Satish Jindel, president of ShipMatrix, a software provider that tracks on-time delivery data, said the strike will have a minor impact and is similar to when an ice storm hits a region of the country.
“They will have the ability to ship product from other locations. They won’t be shutdown. Some packages that might have taken one day to be delivered will now take two. Some that might have taken two days will take three. But it won’t be that many,” Jindel said.
The difference between an ice storm and a strike, however, Jindel said, is that an ice storm ends. The feelings from a strike could linger.
In the first nine months of 2024, Amazon reported a net income of $39.2 billion, which is more than double for the same period in 2023. So far in 2024, Amazon’s net income has been $450.2 billion. The 2024 revenue makes Amazon the second largest private company in the world after Walmart.
“It’s no longer going to be packages over people, profit over people. It’s people over packages, people over profits,” Skokie driver Ash’shura Brooks said.
The strike of Amazon workers follows a labor striking trend in the last few years in the U.S., including Hollywood writers, Boeing machinists, employees at the Big Three automakers, port workers on the East Coast and Gulf Coast, and Kaiser Permanente employees.

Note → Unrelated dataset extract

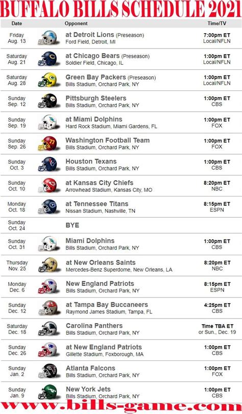 For all you dedicated Bills fans out there, keeping track of important dates and times for Bills games is like a religion. The NFL season is a marathon, not a sprint, and each game is a crucial chapter. You’ve got your standard Sunday afternoon games, often starting at 1 PM ET or 4:05 PM ET/4:25 PM ET, which are broadcast regionally or nationally depending on the matchup. Then there are the marquee matchups: Sunday Night Football on NBC, typically with an 8:20 PM ET kickoff, and Monday Night Football on ESPN, usually starting at 8:15 PM ET. These primetime games are often the most highly anticipated. Don’t forget about Thursday Night Football, which has seen its broadcast home shift, but is often on Amazon Prime Video or sometimes FOX/NFL Network, usually with an 8:15 PM ET start. Later in the season, you might see Saturday games added to the schedule. Beyond the regular season, playoff game times can vary wildly, often announced with less lead time but usually falling into similar Sunday, Monday, or Saturday slots. Following the Buffalo Bills game live now also means being aware of bye weeks, where the team rests, and important schedule changes due to holidays or other events. Your best bet? Bookmark the official Buffalo Bills schedule on their website or the NFL’s website. Many fan sites and sports apps also provide detailed, up-to-date schedules. Setting calendar alerts for game days is a smart move. Remember, these times are usually listed in ET, so adjust accordingly for your local time zone. Being prepared with the schedule ensures you’re locked in and ready to cheer on the Bills from the opening kickoff!

Brooks and Cianciotto said they are Amazon employees, although they are employed by a third-party contractor. Brooks said Amazon‘s claim is “heartbreaking… for Amazon to tell us we’re not Amazon drivers, when we wear Amazon vests and deliver in Amazon vans.”
Cianciotto said third party contractors is just a way for Amazon not to take responsibility to negotiate.
“These third-party contractors don’t exist without Amazon,” he said.
Teamsters reported Friday that the strike had expanded to 199 facilities across the country, but that work stoppage by drivers was not part of the strike.
“What you see here are almost entirely outsiders – not Amazon employees or partners – and the suggestion otherwise is just another lie from the Teamsters. The truth is that they were unable to get enough support from our employees and partners and have brought in outsiders to come and harass and intimidate our team, which is inappropriate and dangerous. We appreciate all our team’s great work to serve their customers and communities, and are continuing to focus on getting customers their holiday orders,” Amazon spokesperson Eileen Hand said.